Deadmau5 singles chronology
| "Raise Your Weapon" (2011) | "Aural Psynapse" (2011) | "Maths" (2012) |

= Aural Psynapse =

"Aural Psynapse" is an instrumental recording by Canadian electronic music producer Deadmau5. It was released on November 4, 2011, by Mau5trap and Ultra Records (US and Canada) and featured on his 2014 greatest hits album 5 Years of Mau5.

== Background ==
The original version of the track was recorded in 2001 and uploaded to SectionZ on June 17, 2002, under the alias Halcyon441 (Zimmerman's screen name at the time) on the self-released compilation Deadmau5 Circa 1998–2002.

Zimmerman previewed a remake in April 2011 through Ustream while it was a work in progress, noting it was originally "a track [he] made [...] ten years ago". The remake even uses a sample from the original 2001 release.

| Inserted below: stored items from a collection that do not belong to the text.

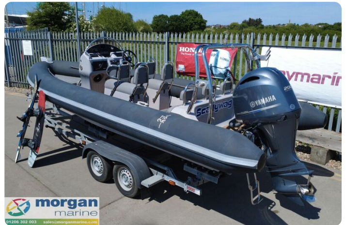
Ribeye S650 - aframe
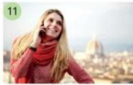
11 call home /kɔːl hoʊm/
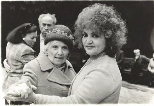
From the series "Dance", 1978 © Boris Mikhailov, VG Bild-Kunst, Bonn, Courtesy Boris and Vita Mikhailov

Alternative Text: Black and white photograph of a woman and an older woman holding hands as they dance together. An older couple can be seen in the background.
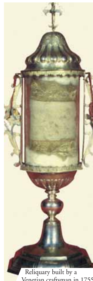
Reliquary built by a Venetian craftsman in 1755
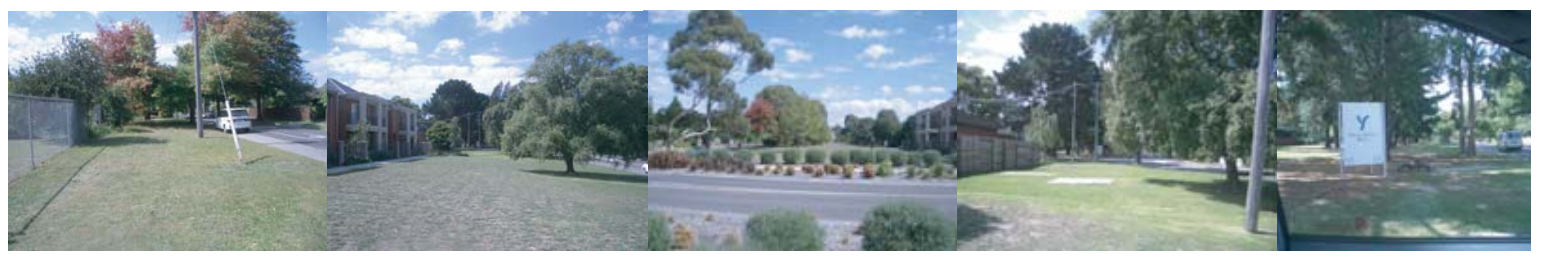
4 - 8 Views along Lucknow St reserve show adequate width for proposed trail
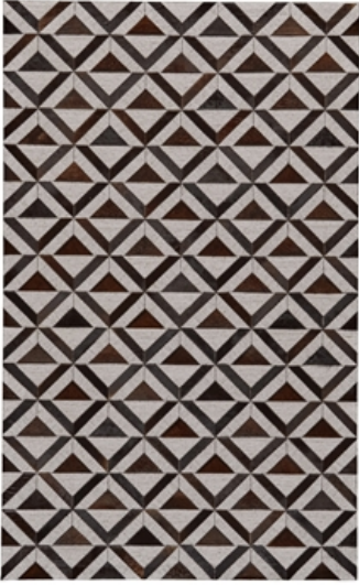
ONYX / BURLYWOOD
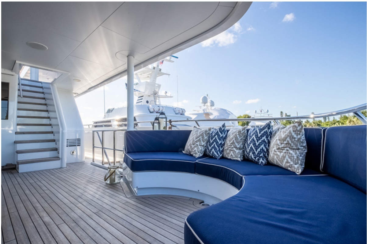
Bridge Deck Seating
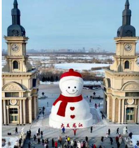
Heilongjiang, Harbin FAMOUS BIG SNOWMAN 网红大雪人
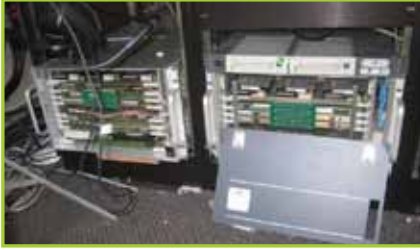
FURMAN PL-PLUS/SERIES-2 POWER CONDITIONER
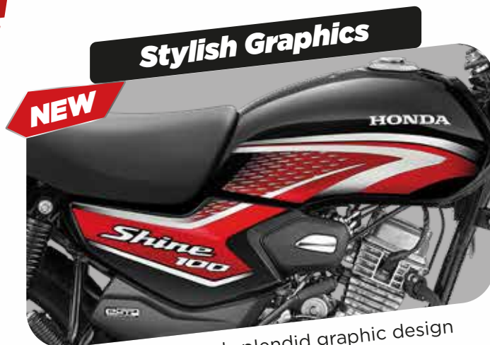
All new enriched and splendid graphic design that compliments the overall look of the bike.
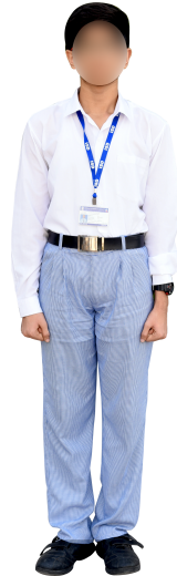
Classes IX -XII Boys
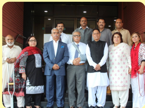
Delegation of Cancer Care Hospital & Research Center visited Islamabad Chamber of Commerce & Industry.
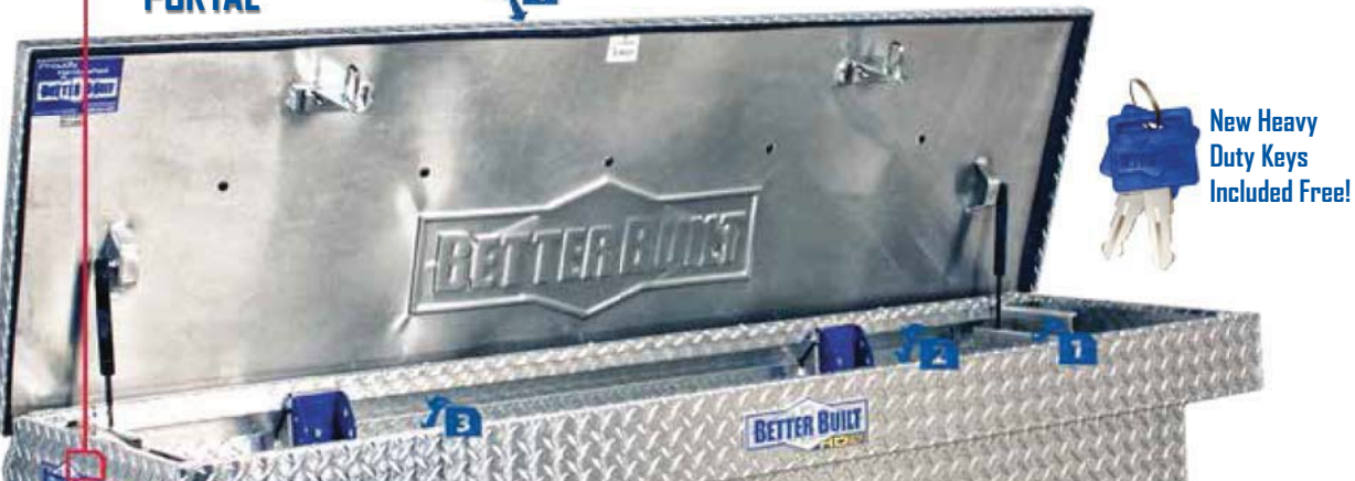
Inc the intr

4-Stage Automotive Grade Rotary Latches With Billet Push Button Locks
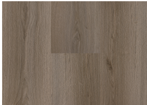
Modern Taupe | NE450706
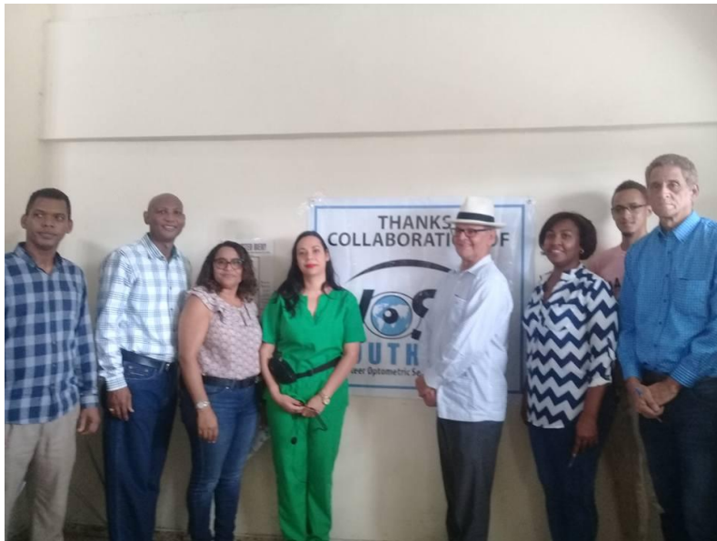
The Senator's of the Sanchez Ramirez Province
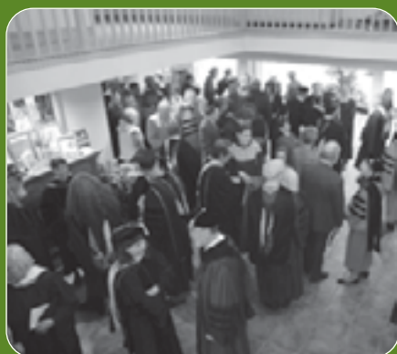
Guests in colorful academic regalia mingle after the inaugural ceremony.
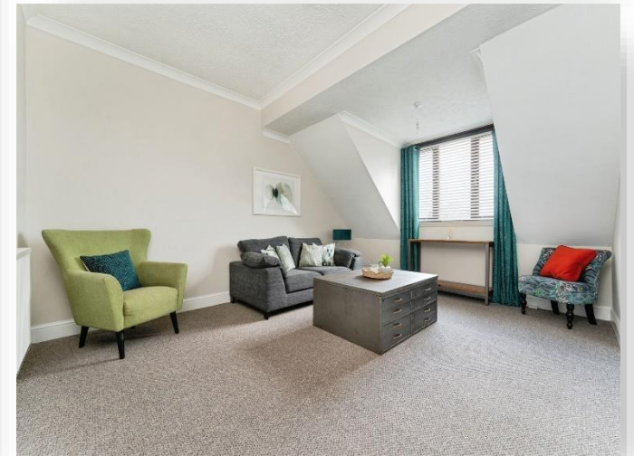
Leamon Court, Brandon, IP27 0RR
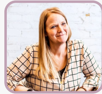
SANDI LUCK BULLY BREW
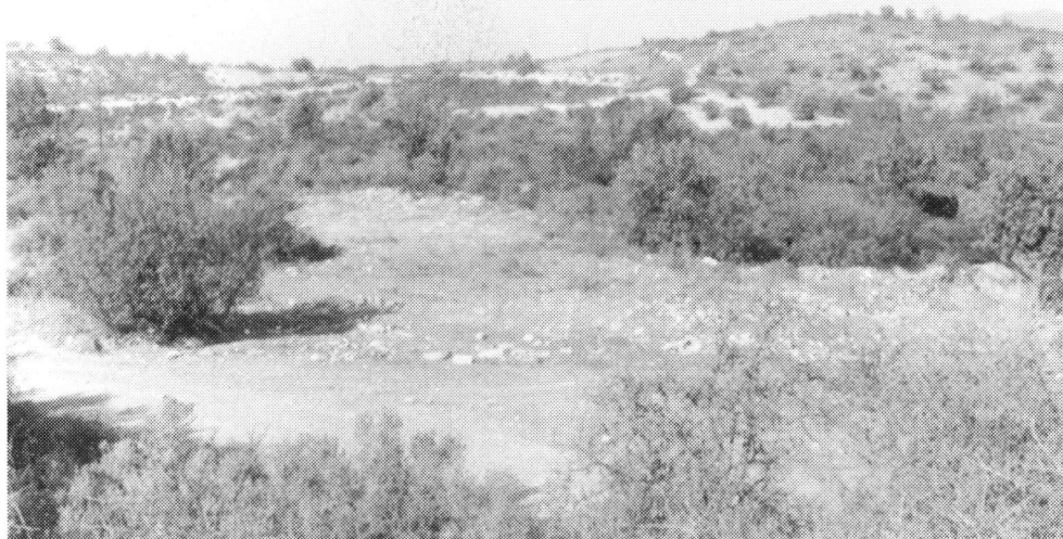
a. The looted sanctuary area at the south end of plot 322, from SE.

It was first played live in May 2011 during live in Malaysia and August 2011 during the Meowingtons Hax Tour.

== Release ==
The track was released on November 4, 2011. In December 2011, the song was featured in the tour Hard x Mouth Taped Shut. The song was also featured on the 2014 compilation album 5 Years of Mau5.

==Track listing==

Digital download
| No. | Title | Length |
|---|---|---|
| 1. | "Aural Psynapse" (Original Mix) | 7:30 |

== Appearances ==
The song "Aural Psynapse" from the 2001 version of the album Deadmau5 Circa 1998–2002 appears in the Miniclip game Little Rocketman.

==Charts==

| Chart (2012) | Peak position |
|---|---|
| Canadian Hot 100 (Billboard) | 38 |
| Canadian Digital Song Sales (Billboard) | 16 |
| UK Singles Chart (Official Charts Company) | 150 |
| UK Dance (OCC) | 27 |
| UK Indie (OCC) | 19 |
| US Bubbling Under Hot 100 Singles | 3 |
| US Dance/Electronic Digital Songs (Billboard) | 7 |
| US Digital Songs (Billboard) | 72 |
| US Heatseekers Songs (Billboard) | 16 |

==Certifications==

| Region | Certification | Certified units/sales |
| Canada (Music Canada) | Gold | 40,000^{*} |
^{*} Sales figures based on certification alone.